_EXCERPTED DATA:_
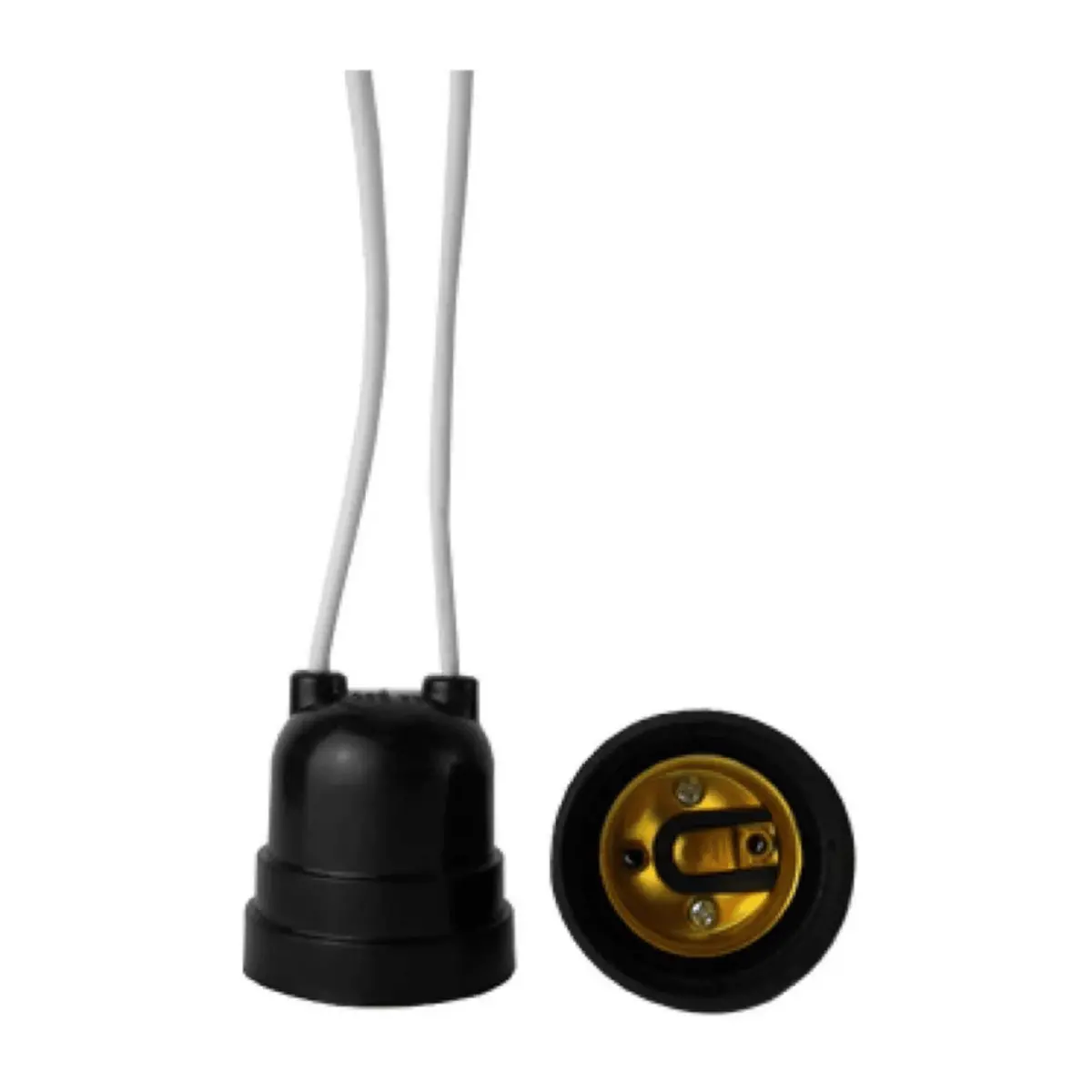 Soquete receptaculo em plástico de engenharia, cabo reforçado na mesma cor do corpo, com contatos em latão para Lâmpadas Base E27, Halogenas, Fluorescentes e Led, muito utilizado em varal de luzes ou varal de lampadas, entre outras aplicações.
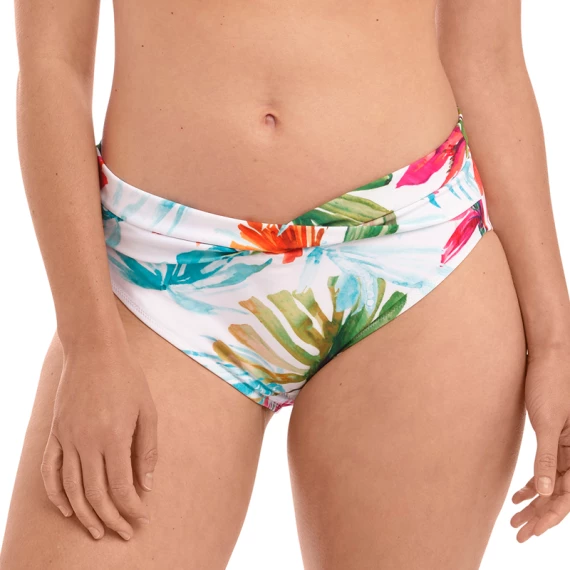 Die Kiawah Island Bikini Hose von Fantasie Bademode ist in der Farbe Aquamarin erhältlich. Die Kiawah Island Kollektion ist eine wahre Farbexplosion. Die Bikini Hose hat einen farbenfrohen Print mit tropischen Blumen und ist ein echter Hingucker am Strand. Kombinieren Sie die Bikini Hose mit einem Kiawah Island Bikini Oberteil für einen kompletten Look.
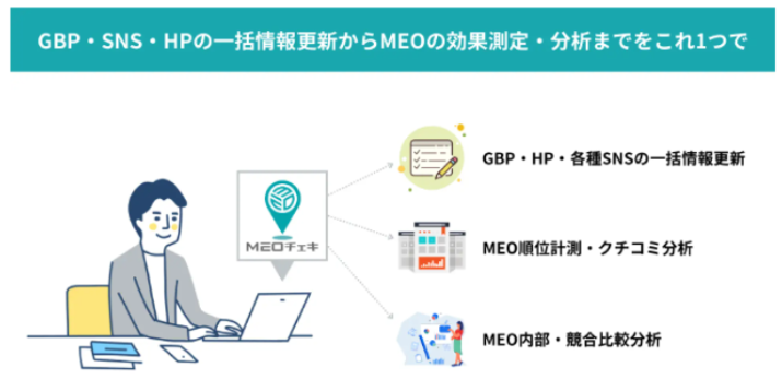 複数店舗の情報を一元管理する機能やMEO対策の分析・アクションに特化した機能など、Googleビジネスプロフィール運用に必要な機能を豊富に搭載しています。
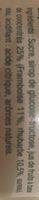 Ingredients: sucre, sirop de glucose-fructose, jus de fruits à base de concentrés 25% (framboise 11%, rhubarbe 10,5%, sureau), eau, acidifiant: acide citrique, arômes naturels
...
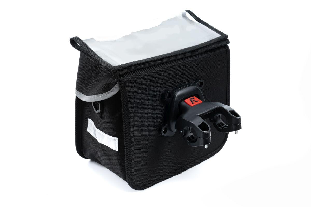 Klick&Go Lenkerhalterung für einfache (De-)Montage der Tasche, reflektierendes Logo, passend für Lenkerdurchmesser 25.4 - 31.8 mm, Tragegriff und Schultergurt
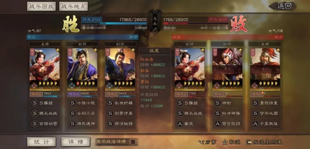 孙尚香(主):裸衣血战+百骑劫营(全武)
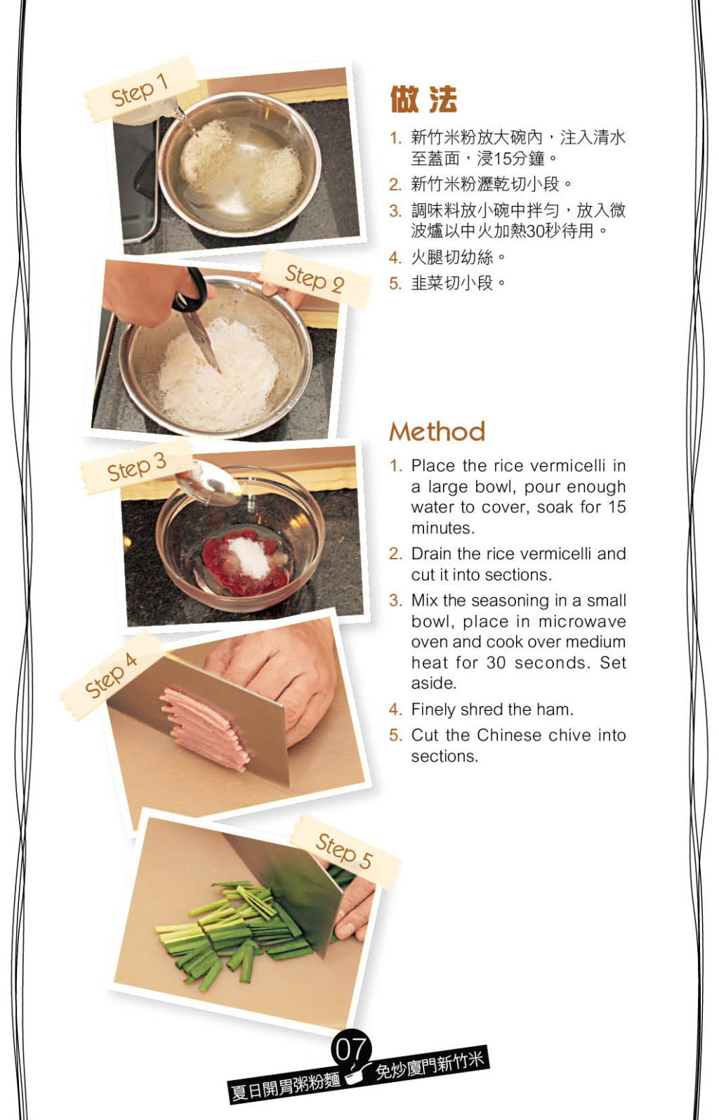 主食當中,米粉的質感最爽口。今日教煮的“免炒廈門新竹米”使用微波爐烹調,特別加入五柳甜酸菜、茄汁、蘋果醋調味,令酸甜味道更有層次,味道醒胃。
---
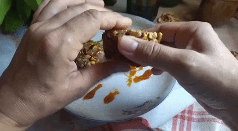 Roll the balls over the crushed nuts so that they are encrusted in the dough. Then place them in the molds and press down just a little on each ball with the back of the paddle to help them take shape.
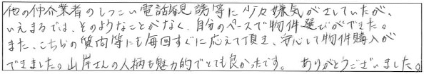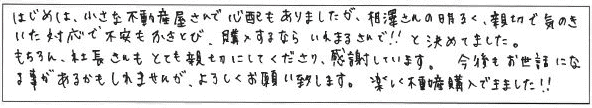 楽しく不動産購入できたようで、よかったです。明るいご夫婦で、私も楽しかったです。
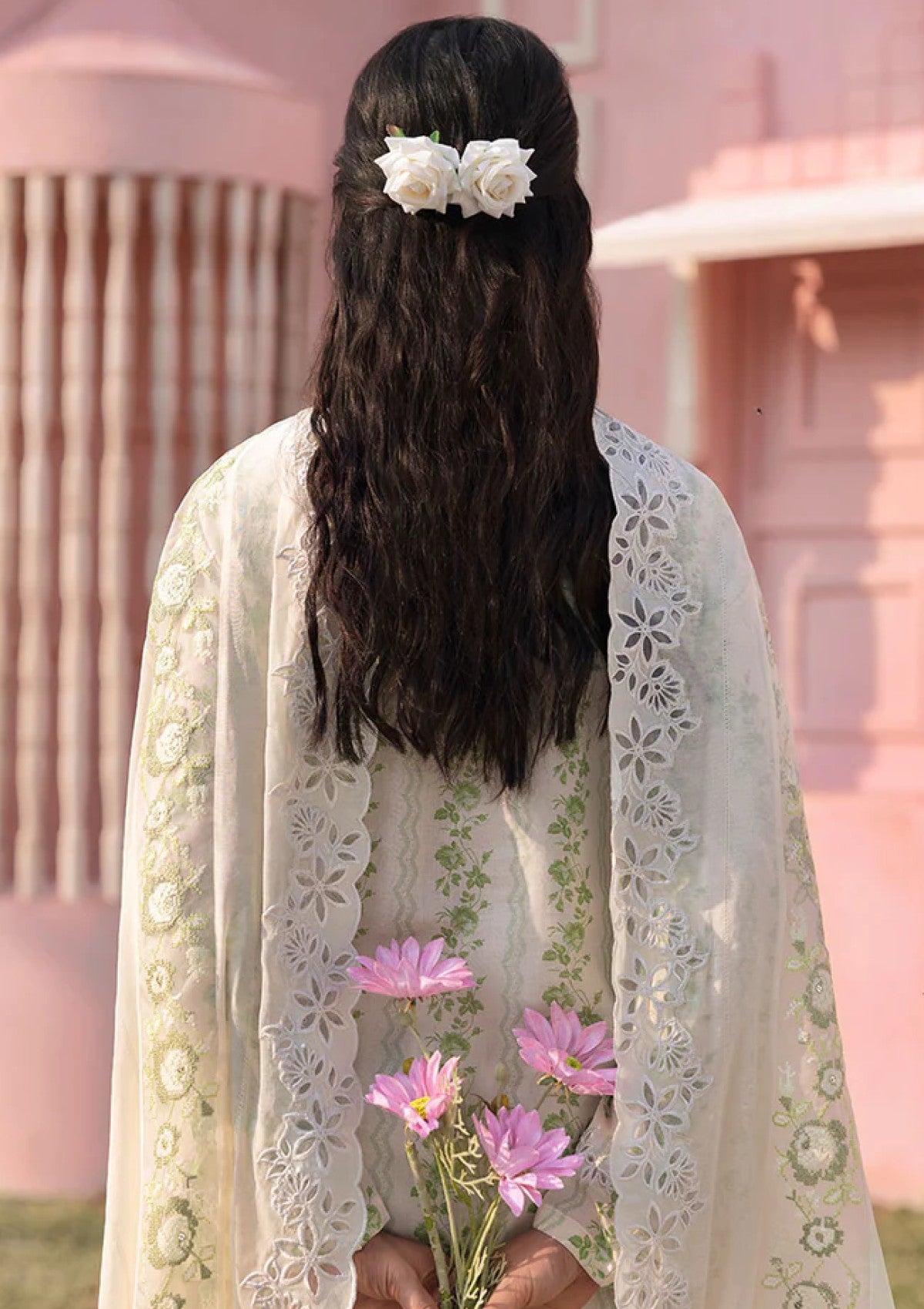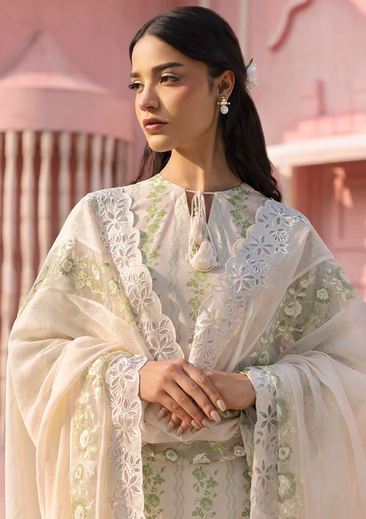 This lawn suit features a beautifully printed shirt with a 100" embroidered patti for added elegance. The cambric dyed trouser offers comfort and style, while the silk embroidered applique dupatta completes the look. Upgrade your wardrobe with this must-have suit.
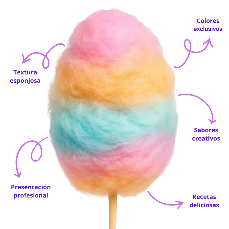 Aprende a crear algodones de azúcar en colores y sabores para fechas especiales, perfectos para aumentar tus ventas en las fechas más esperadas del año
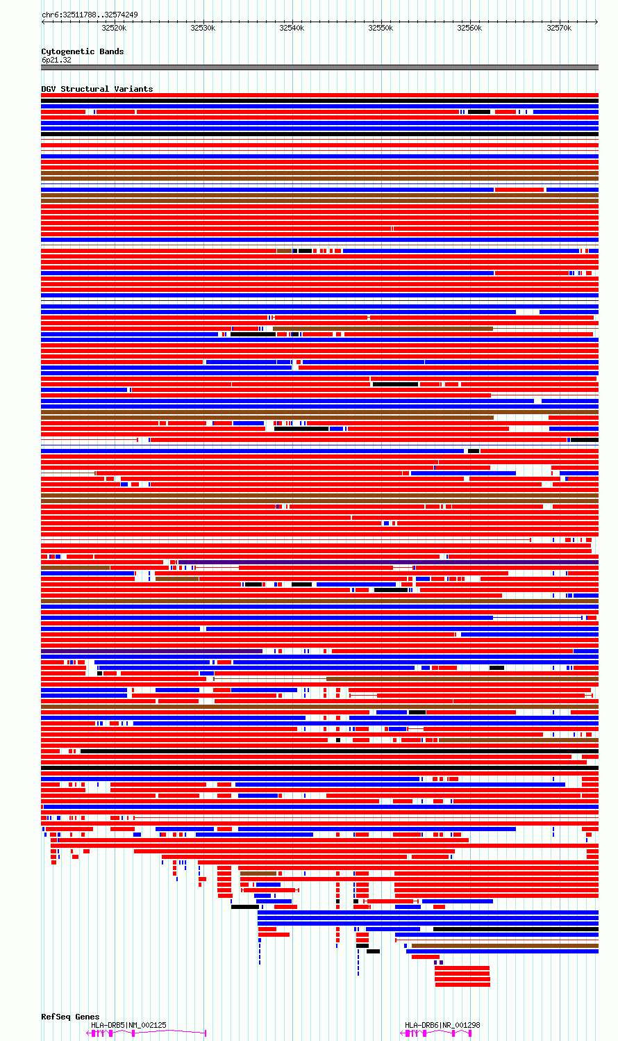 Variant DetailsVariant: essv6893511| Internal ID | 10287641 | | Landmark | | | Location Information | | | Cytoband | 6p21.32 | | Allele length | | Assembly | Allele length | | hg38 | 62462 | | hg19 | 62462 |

_PROBLEM STATEMENT:_ Look through the material above. Transcribe exactly the lines between the ones with "楽しく不動産購入できたようで" and "This lawn suit", inclusive, and keep pictures out.

_ANSWER SPACE:_
 楽しく不動産購入できたようで、よかったです。明るいご夫婦で、私も楽しかったです。
 This lawn suit features a beautifully printed shirt with a 100" embroidered patti for added elegance. The cambric dyed trouser offers comfort and style, while the silk embroidered applique dupatta completes the look. Upgrade your wardrobe with this must-have suit.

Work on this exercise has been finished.